The Scripps Research Institute in Florida, US, which published a study in biology journal Cell last week, told us that its recently-discovered compounds were at least as potent as morphine, and less likely to induce respiratory suppression in mouse models.
The researchers tweaked the chemical structures of the potential molecules to vary the ‘bias’ between the two pathways, which the Institute’s Laura Bohn described as G protein signalling and beta-arrestin recruitment.
“Biased agonism refers to the ability of a drug to refine receptor signalling toward or away from engaging with signalling pathways,” she told us.
“In this study, the biased agonists were made to stimulate mu opioid receptor signalling through a pathway associated with pain relief and away from a pathway associated with respiratory suppression.”
Out of approximately 500 compounds developed, the researchers found more than 60 that showed bias between signalling assays, and then selected six that represented a wide range in the degree of bias, to determine their overall potency for inducing pain-relief and respiratory suppression.
The ‘bias’ spectrum
Bohn said separating the receptor’s ability to engage in the two pathways enables desired drug effects to disconnect from side effects.

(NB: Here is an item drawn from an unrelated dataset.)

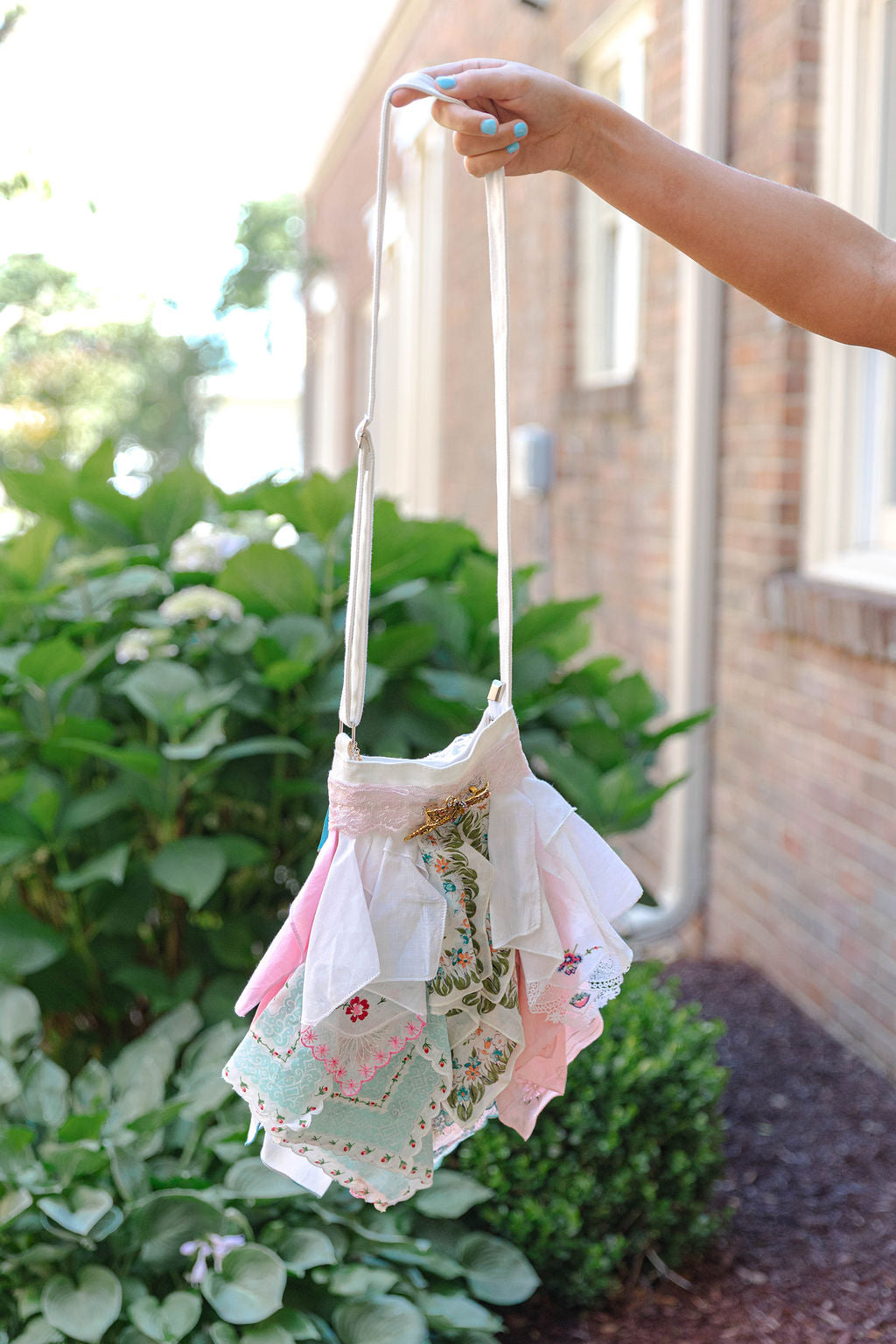 These bags are handmade by Karyn in the kitchen of her home nestled in Portland, Tennessee and the vintage and Victorian-era hankies are all organically sourced at the time of production of each bag. These bags are truly one of a kind, and there will never be two of the same bags, simply just because you can't find hankies that are two of a kind. We are so excited to finally have premade bag options available online to you to avoid wait times on custom orders! What you see photographed is what you get! If you are searching for perfection- these are not the bags for you! There are memories and moments in every hankie and piece of jewelry attached (some costume and some vintage) so you should expect wear spots on your bag. Karyn has perfected hiding most of the imperfections, but be aware you are buying a piece of art, history, and someone’s life moments.

“One of the questions we had was how good we can get at separating out the pathways, and how much separation do we need to see analgesia without respiratory suppression,” she said in a statement.
“I think what we have done here is shown that bias isn’t all or none – that there is a spectrum,” she added.
The Institute is still in the fundraising stage, which Bohn hopes will progress the study into clinical trials.
Bohn did not disclose if the Institute is looking to license out the technology.
"We are considering options," she told us.